EXERCISE DATA below:

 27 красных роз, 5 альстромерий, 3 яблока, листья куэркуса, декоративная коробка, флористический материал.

End of EXERCISE DATA.
EXERCISE DATA below:

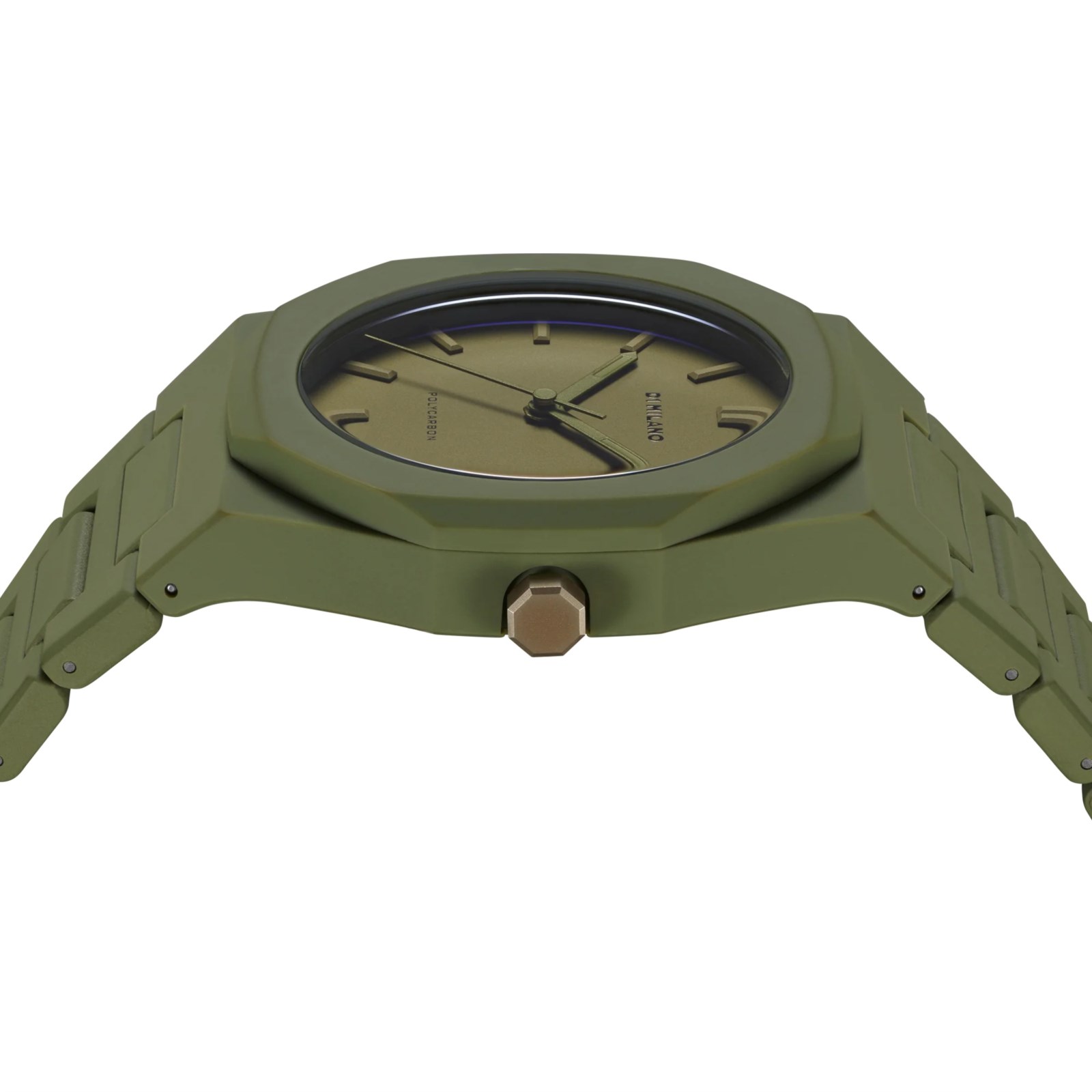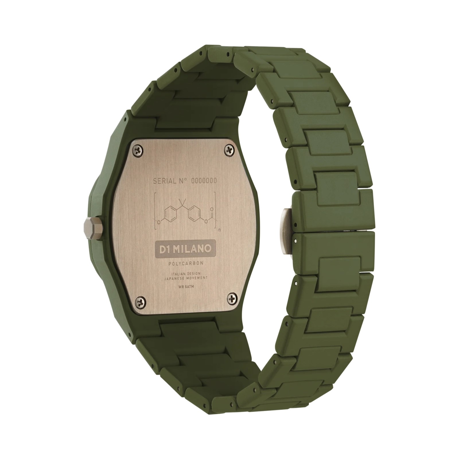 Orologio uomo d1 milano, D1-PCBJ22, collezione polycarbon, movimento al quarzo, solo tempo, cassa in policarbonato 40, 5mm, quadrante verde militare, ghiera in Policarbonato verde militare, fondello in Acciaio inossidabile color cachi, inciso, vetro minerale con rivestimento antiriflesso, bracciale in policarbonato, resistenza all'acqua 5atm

End of EXERCISE DATA.
EXERCISE DATA below:

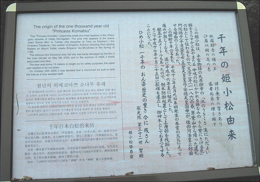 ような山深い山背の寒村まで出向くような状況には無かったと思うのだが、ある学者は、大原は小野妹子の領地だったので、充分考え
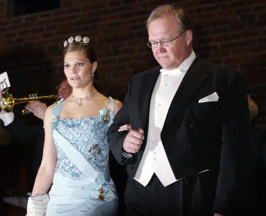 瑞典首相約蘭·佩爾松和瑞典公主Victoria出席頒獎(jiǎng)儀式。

End of EXERCISE DATA.

> WORK ITEM:
Starting at the line above that holds "ような山深い山背の寒村まで出", return each line up to and including the one that holds "瑞典首相約蘭·佩爾松和瑞典公主Victoria出席頒獎(jiǎng)儀式。", exactly as written, minus any pictures.

> EXERCISE SOLUTION:
 ような山深い山背の寒村まで出向くような状況には無かったと思うのだが、ある学者は、大原は小野妹子の領地だったので、充分考え
 瑞典首相約蘭·佩爾松和瑞典公主Victoria出席頒獎(jiǎng)儀式。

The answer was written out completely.